2. Quelles économies le nouveau modèle de calcul permet-il aux distributeurs de réaliser au total ?
3. Quand l’OFSP prévoit-il de lancer une vaste campagne d’information auprès des assurés afin de leur expliquer pourquoi la majoration de la part relative à la distribution que touchent les intermédiaires est nécessaire et d’éviter un tollé ?
Stellungnahme des Bundesrates
1-2. Le Conseil fédéral a décidé d’adapter la part relative à la distribution le 8 décembre 2023. Cette décision a été précédée d’un échange intensif avec les acteurs concernés, à savoir les associations de fournisseurs de prestations, d’assureurs-maladie, d’assurés et de consommateurs. Finalement, un compromis a pu être trouvé, soutenu par la majorité des acteurs.
L’adaptation consiste en deux mesures : le modèle de calcul de la part relative à la distribution est adapté conformément à l’art. 38 de l’ordonnance sur les prestations de l’assurance des soins (OPAS ; RS 832.112.31) et une part relative à la distribution uniforme est introduite pour les médicaments contenant les mêmes substances actives. Cela conduit à une harmonisation de cette part relative à la distribution. Pour les fournisseurs de prestations (pharmacies, médecins propharmaciens, hôpitaux), remettre un médicament onéreux ne doit plus être davantage attrayant que de remettre une préparation meilleur marché (p. ex. génériques, biosimilaires). Il serait ainsi possible d’économiser un total de 60 millions de francs en faveur des payeurs de primes. À moyen terme, on s’attend à un transfert vers des médicaments meilleur marché.
L’harmonisation de la part relative à la distribution conduit inévitablement à certaines hausses du prix public des médicaments à bas prix. Les médicaments dont le prix de fabrique (PF) s’élève jusqu’à 4,99 francs augmentent de près de 5 francs par emballage. Ceux dont le PF se situe entre 8 et 10,99 francs augmentent de 8 francs par emballage. Enfin, ceux dont le PF excède 15 francs deviennent en général moins chers. Concernant le prix public, environ 64 % des médicaments mentionnés sur la liste des spécialités deviennent moins chers, alors que 36 % renchérissent. Les assurés seront concernés par l’adaptation relative à la franchise et à la quote-part. L’adaptation du modèle de calcul de la part relative à la distribution (art. 38, al. 1 et 2, OPAS) concerne toutefois exclusivement les médicaments de la liste des spécialités soumis à ordonnance.
En outre, à travers ces mesures, le Conseil fédéral met en œuvre le mandat parlementaire transmis dans la motion de la CSSS-N 20.3936 « Prix des médicaments.

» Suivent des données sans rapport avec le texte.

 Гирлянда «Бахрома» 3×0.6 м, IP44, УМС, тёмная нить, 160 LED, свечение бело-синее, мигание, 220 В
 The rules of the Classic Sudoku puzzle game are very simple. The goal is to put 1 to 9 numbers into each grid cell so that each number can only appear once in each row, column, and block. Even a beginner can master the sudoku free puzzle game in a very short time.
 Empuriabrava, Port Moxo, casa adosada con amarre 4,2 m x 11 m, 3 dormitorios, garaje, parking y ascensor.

Freiner la hausse des coûts en éliminant les incitations négatives, tout en préservant la qualité et la sécurité de l’approvisionnement ».

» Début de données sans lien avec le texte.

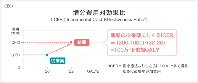 たとえば、従来薬が20 QALYsで1000万円、新薬が22 QALYsで1200万円だったとすると、新薬は従来薬より2QALYsを延長するものの200万円余計にかかります。1QALYは100万円ですから、この新薬のICERは100万円ということになります(図6)。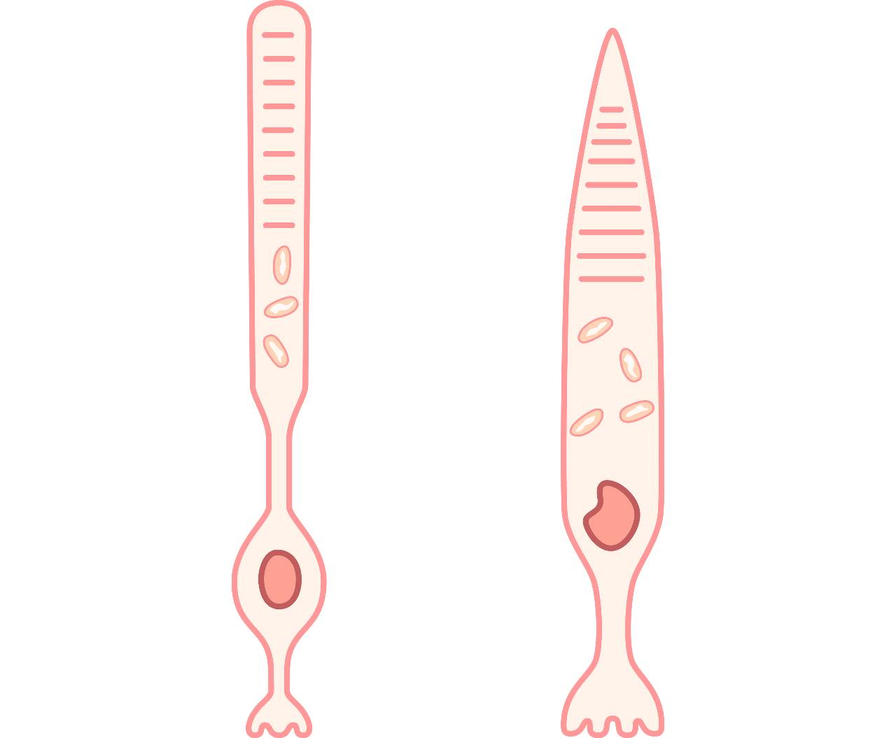 這兩個奇怪的形狀就是我們眼部視網(wǎng)膜上的視覺細(xì)胞,左邊這個長長的圓柱體叫“柱形細(xì)胞”,它是專門負(fù)責(zé)感知外部世界的明度的,而右邊的“錐狀細(xì)胞”則是感知色彩的色相的,自然它對于RGB的色彩接收是最敏感的。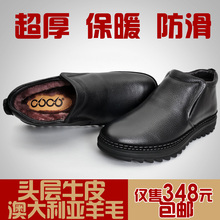 冬季男士正品羊毛牛皮棉鞋皮毛一体真皮中老年爸爸鞋平底高帮棉鞋

3. L’Office fédéral de la santé publique (OFSP) a préparé une fiche d’information sur l’adaptation (www.ofsp.admin.ch > Assurances > Assurance-maladie > Projets adaptés > Médicaments). D’autres mesures de communication sont examinées en vue de l’entrée en vigueur le 1er juillet 2024. Toutefois, il incombera en premier lieu aux fournisseurs de prestations d’informer directement leurs patients des nouveautés et des avantages d’une remise des médicaments qui soit neutre en matière d’incitation.